> [EXERCISE AIM]
Leave the pictures out. Retype exactly the lines below from the one containing "U.S. aerial raid" through the one containing "ABB offers a", and no others.

> [RECORD EXCERPTS]
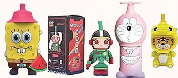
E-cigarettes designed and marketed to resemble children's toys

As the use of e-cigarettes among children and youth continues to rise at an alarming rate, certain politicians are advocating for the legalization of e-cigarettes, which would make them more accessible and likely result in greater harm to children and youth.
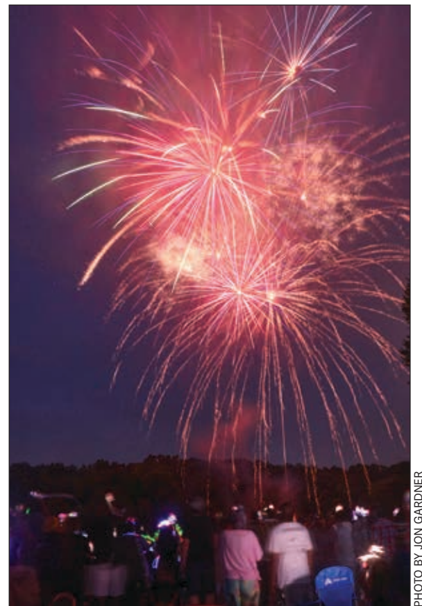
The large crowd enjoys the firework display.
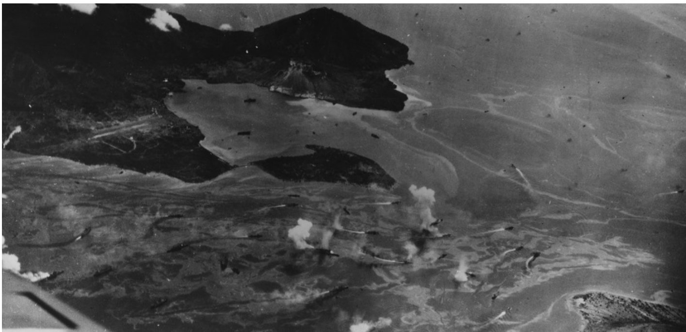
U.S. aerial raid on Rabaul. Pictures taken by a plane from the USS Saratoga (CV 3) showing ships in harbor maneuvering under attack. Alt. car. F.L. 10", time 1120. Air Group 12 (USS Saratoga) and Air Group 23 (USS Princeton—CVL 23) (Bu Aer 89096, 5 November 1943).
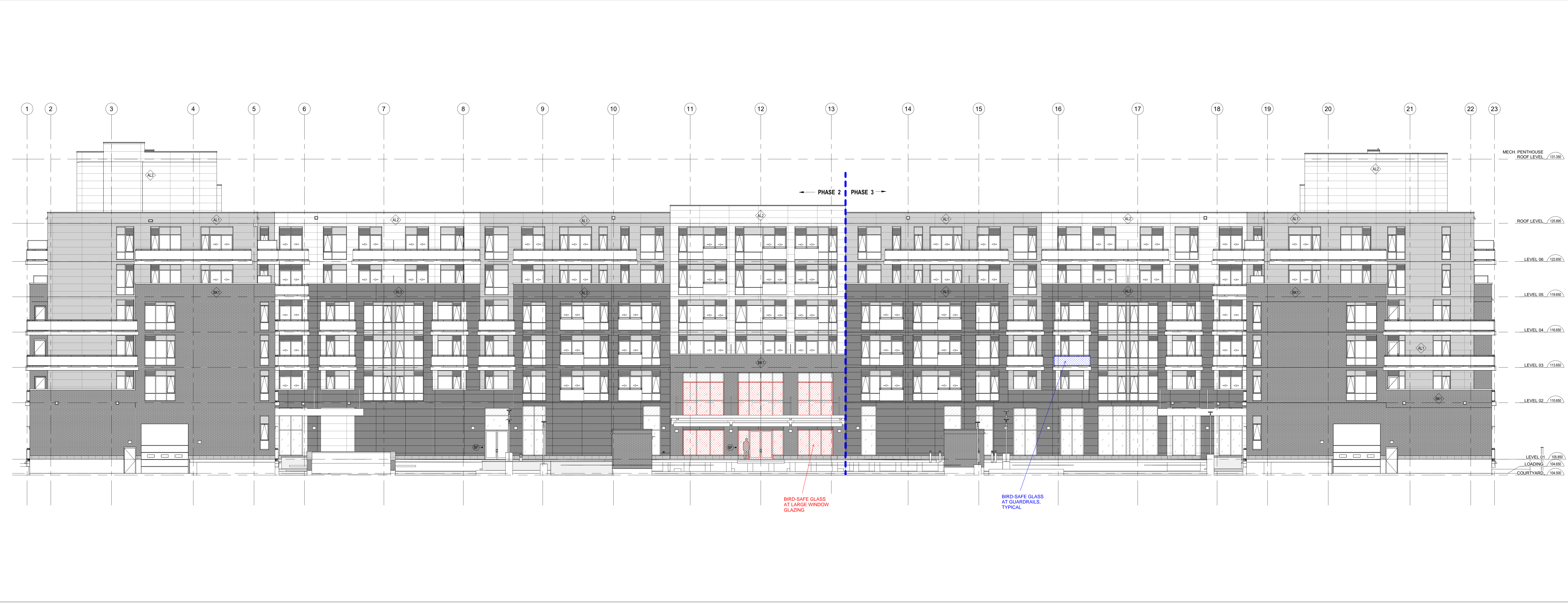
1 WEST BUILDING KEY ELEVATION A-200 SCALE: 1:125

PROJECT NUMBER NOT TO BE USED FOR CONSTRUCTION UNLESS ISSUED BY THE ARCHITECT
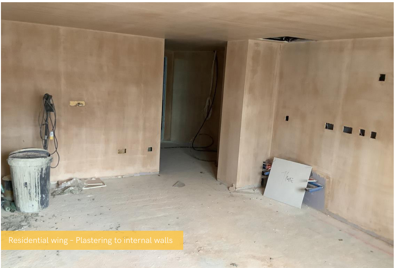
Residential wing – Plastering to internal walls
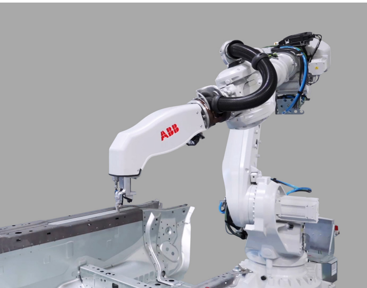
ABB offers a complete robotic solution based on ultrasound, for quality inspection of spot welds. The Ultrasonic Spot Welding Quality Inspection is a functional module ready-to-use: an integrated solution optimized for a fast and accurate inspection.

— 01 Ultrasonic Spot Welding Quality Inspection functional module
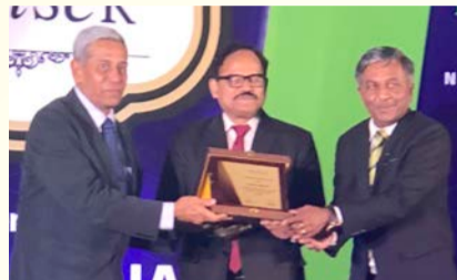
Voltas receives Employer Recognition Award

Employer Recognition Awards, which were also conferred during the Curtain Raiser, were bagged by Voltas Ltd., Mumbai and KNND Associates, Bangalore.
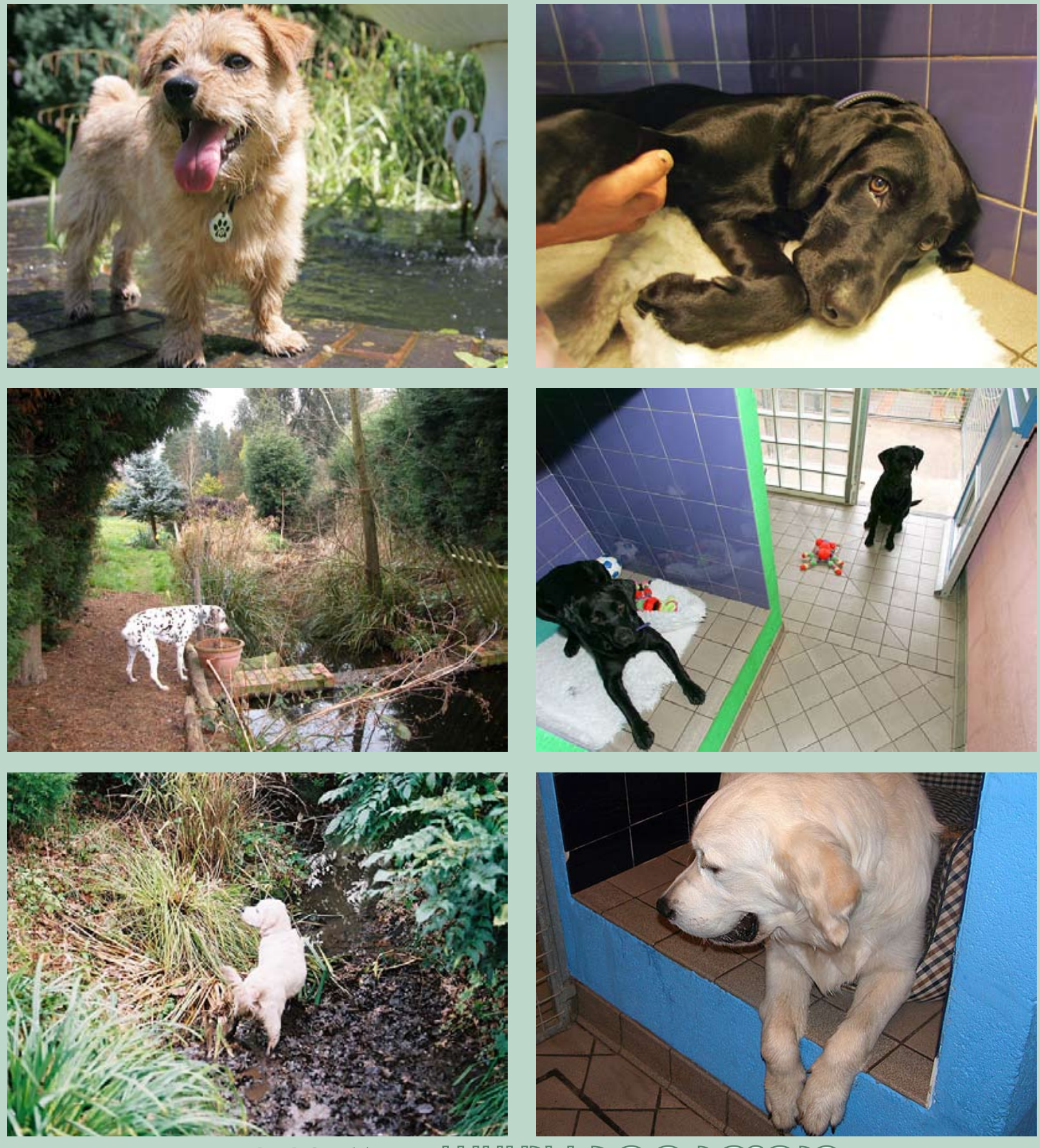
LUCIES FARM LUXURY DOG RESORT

> [EXERCISE RESPONSE]
U.S. aerial raid on Rabaul. Pictures taken by a plane from the USS Saratoga (CV 3) showing ships in harbor maneuvering under attack. Alt. car. F.L. 10", time 1120. Air Group 12 (USS Saratoga) and Air Group 23 (USS Princeton—CVL 23) (Bu Aer 89096, 5 November 1943).
1 WEST BUILDING KEY ELEVATION A-200 SCALE: 1:125

PROJECT NUMBER NOT TO BE USED FOR CONSTRUCTION UNLESS ISSUED BY THE ARCHITECT
Residential wing – Plastering to internal walls
ABB offers a complete robotic solution based on ultrasound, for quality inspection of spot welds. The Ultrasonic Spot Welding Quality Inspection is a functional module ready-to-use: an integrated solution optimized for a fast and accurate inspection.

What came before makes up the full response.